What this task involves » Starting at the line that contains "QQ:1186810744 ) 进行投诉,我们将在确认本文链接指向的资源存在侵权后,立即删除相关介绍帖子!" and stopping after the line that contains "Удобный сенсорный дисплей", transcribe the listing below exactly; do not include any pictures.

Records provided »
· · · · ·

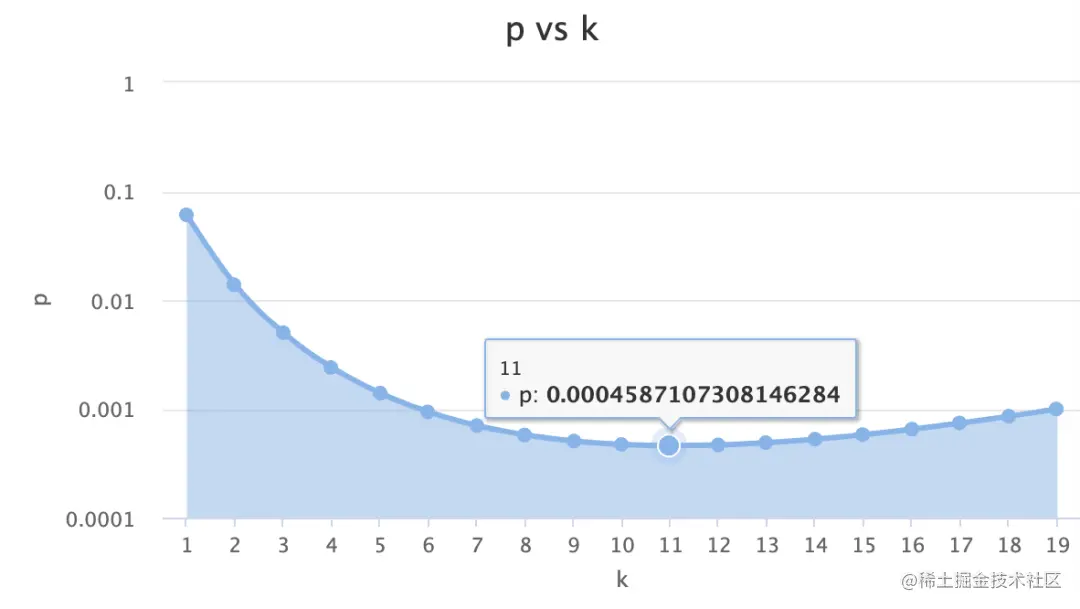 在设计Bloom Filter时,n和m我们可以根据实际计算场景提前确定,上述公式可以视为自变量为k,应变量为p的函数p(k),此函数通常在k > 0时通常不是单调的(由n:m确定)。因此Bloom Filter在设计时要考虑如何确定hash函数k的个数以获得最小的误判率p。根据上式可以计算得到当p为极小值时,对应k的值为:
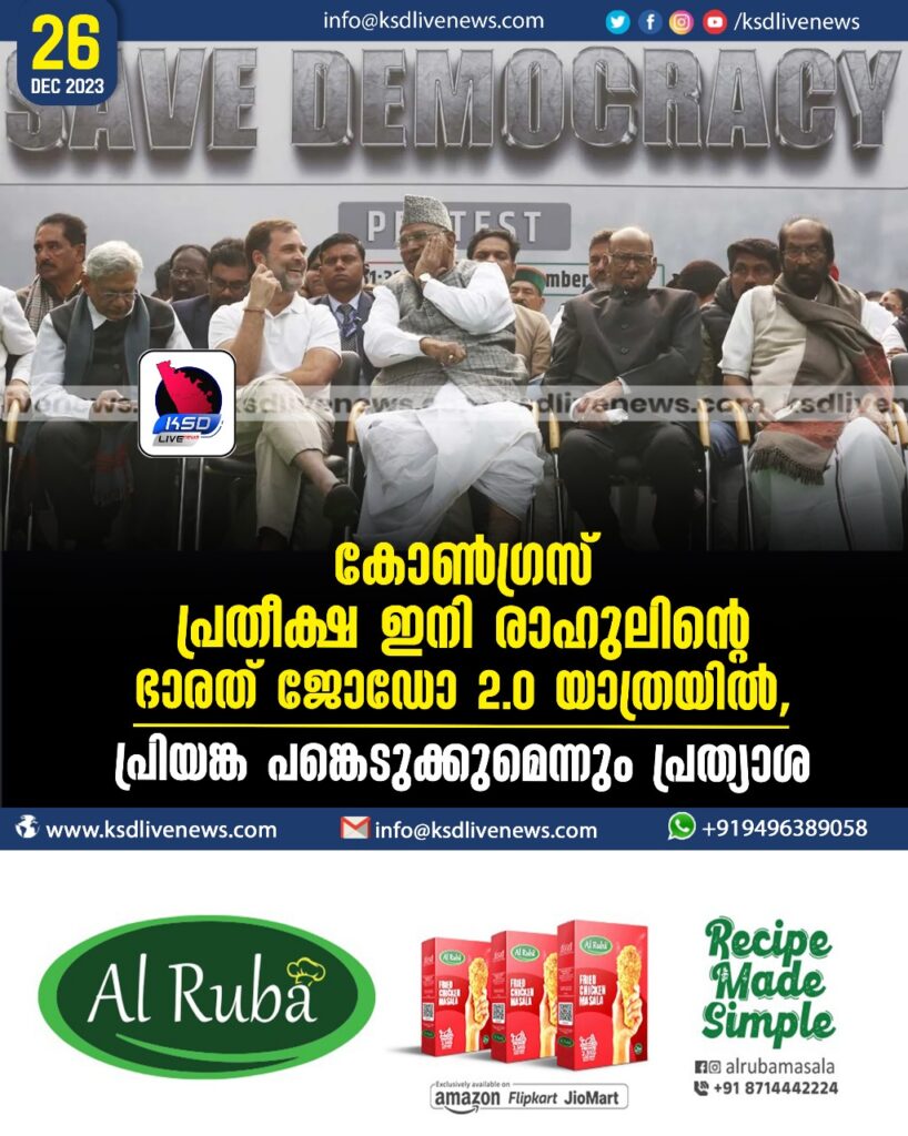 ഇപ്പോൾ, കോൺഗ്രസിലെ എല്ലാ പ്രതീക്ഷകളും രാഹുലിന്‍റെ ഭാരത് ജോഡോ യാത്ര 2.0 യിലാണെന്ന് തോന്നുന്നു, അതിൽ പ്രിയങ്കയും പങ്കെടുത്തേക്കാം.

· · · · ·

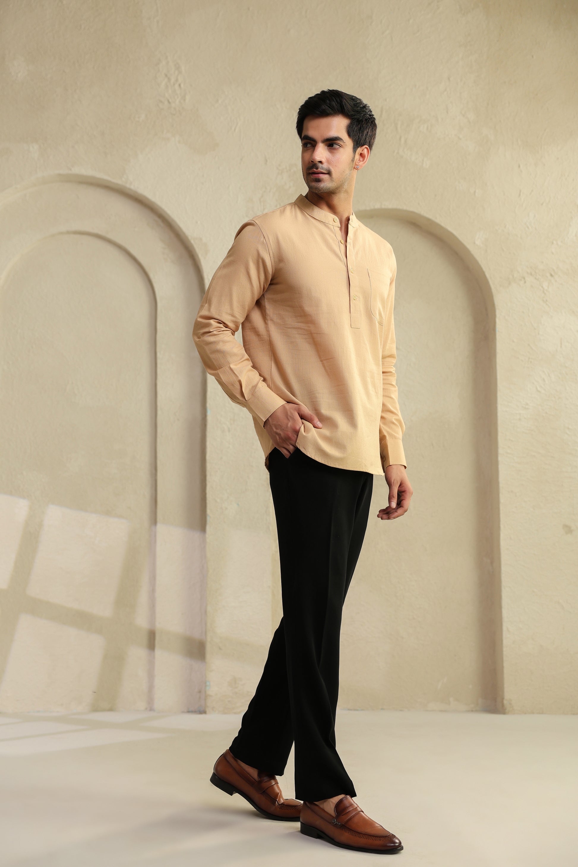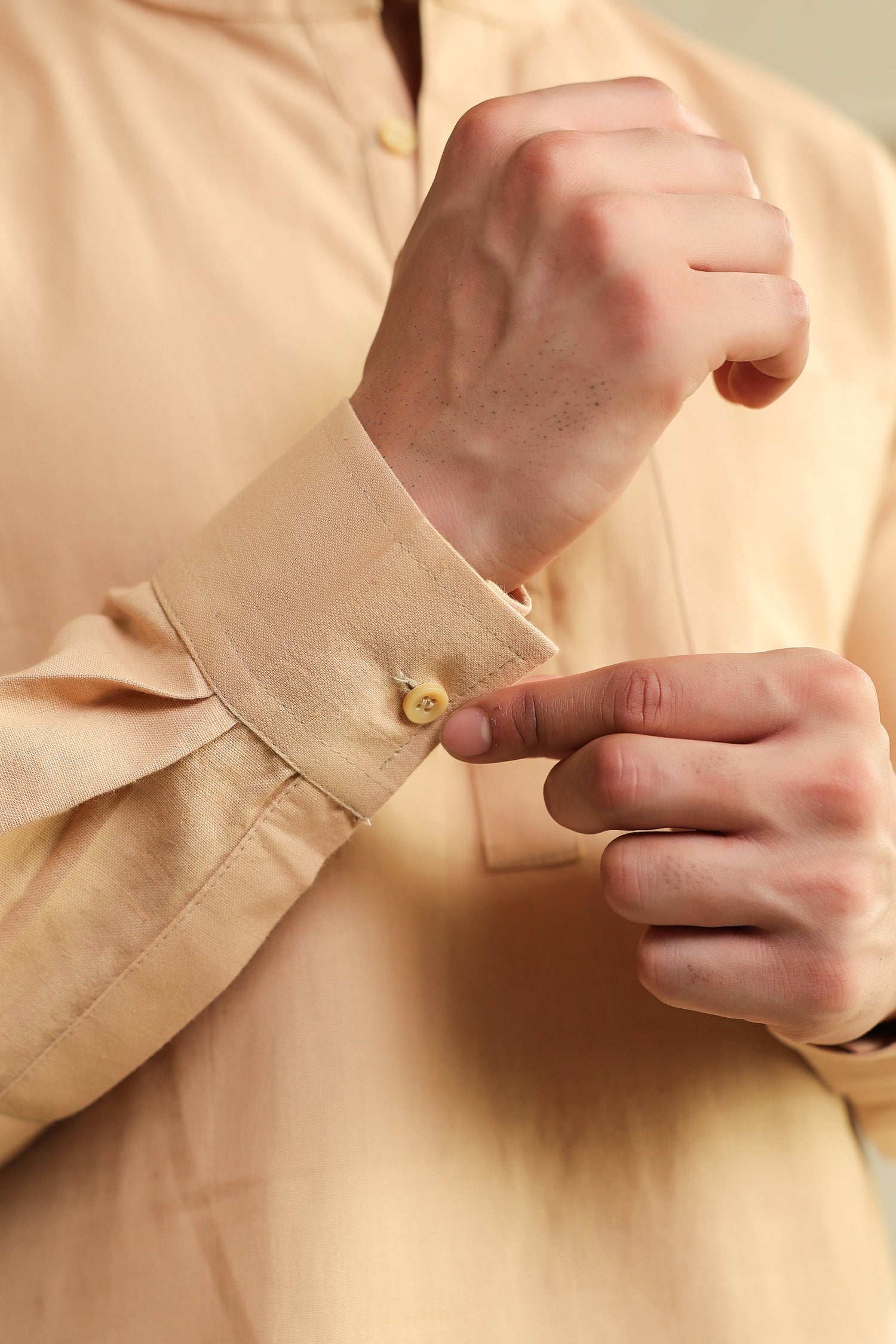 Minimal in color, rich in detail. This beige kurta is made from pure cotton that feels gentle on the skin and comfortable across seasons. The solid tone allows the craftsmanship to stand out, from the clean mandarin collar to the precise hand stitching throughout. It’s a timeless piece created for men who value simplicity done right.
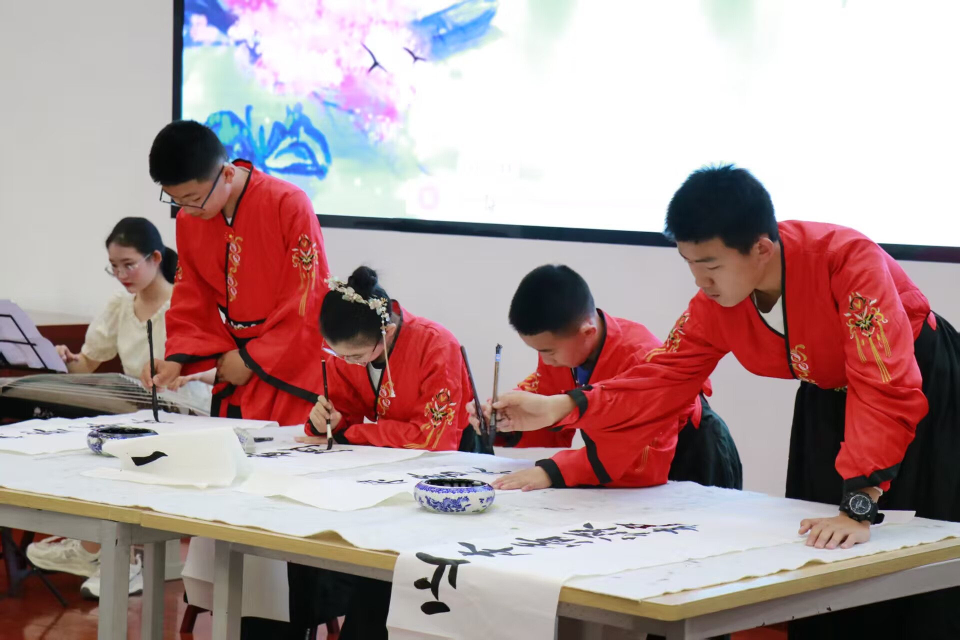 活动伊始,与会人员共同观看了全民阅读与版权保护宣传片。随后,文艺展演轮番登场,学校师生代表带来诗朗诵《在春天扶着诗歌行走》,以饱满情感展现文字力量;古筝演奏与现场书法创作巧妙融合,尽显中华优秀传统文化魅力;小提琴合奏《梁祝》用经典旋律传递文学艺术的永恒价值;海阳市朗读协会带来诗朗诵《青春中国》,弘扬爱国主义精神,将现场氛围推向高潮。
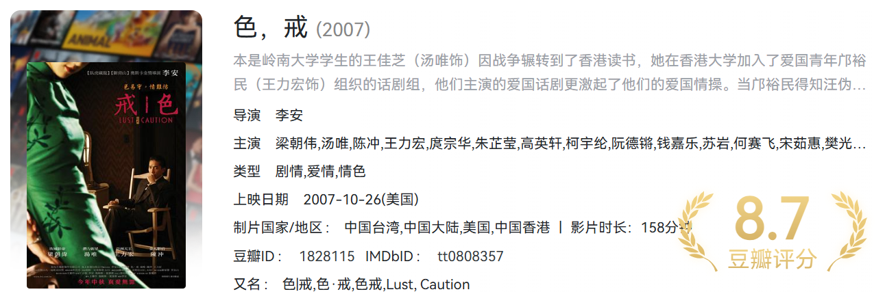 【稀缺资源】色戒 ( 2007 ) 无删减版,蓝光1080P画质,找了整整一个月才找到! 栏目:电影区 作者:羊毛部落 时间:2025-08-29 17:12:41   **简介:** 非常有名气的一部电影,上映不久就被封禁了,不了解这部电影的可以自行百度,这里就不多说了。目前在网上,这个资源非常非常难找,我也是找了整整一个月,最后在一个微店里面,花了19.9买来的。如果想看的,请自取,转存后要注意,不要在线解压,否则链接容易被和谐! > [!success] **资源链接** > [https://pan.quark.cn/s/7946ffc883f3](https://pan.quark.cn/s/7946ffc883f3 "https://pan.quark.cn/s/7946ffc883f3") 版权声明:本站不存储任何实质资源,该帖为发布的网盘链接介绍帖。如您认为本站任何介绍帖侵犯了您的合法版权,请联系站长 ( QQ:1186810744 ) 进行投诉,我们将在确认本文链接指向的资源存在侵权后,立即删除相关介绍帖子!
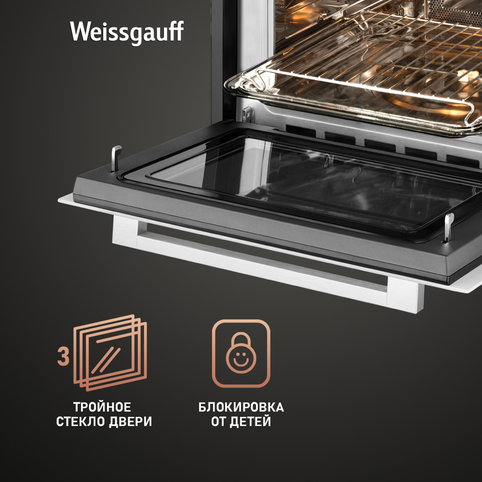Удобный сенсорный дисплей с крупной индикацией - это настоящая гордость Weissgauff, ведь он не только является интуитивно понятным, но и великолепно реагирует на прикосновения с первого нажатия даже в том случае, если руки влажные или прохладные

· · · · ·

Answer space »
 【稀缺资源】色戒 ( 2007 ) 无删减版,蓝光1080P画质,找了整整一个月才找到! 栏目:电影区 作者:羊毛部落 时间:2025-08-29 17:12:41   **简介:** 非常有名气的一部电影,上映不久就被封禁了,不了解这部电影的可以自行百度,这里就不多说了。目前在网上,这个资源非常非常难找,我也是找了整整一个月,最后在一个微店里面,花了19.9买来的。如果想看的,请自取,转存后要注意,不要在线解压,否则链接容易被和谐! > [!success] **资源链接** > [https://pan.quark.cn/s/7946ffc883f3](https://pan.quark.cn/s/7946ffc883f3 "https://pan.quark.cn/s/7946ffc883f3") 版权声明:本站不存储任何实质资源,该帖为发布的网盘链接介绍帖。如您认为本站任何介绍帖侵犯了您的合法版权,请联系站长 ( QQ:1186810744 ) 进行投诉,我们将在确认本文链接指向的资源存在侵权后,立即删除相关介绍帖子!
Удобный сенсорный дисплей с крупной индикацией - это настоящая гордость Weissgauff, ведь он не только является интуитивно понятным, но и великолепно реагирует на прикосновения с первого нажатия даже в том случае, если руки влажные или прохладные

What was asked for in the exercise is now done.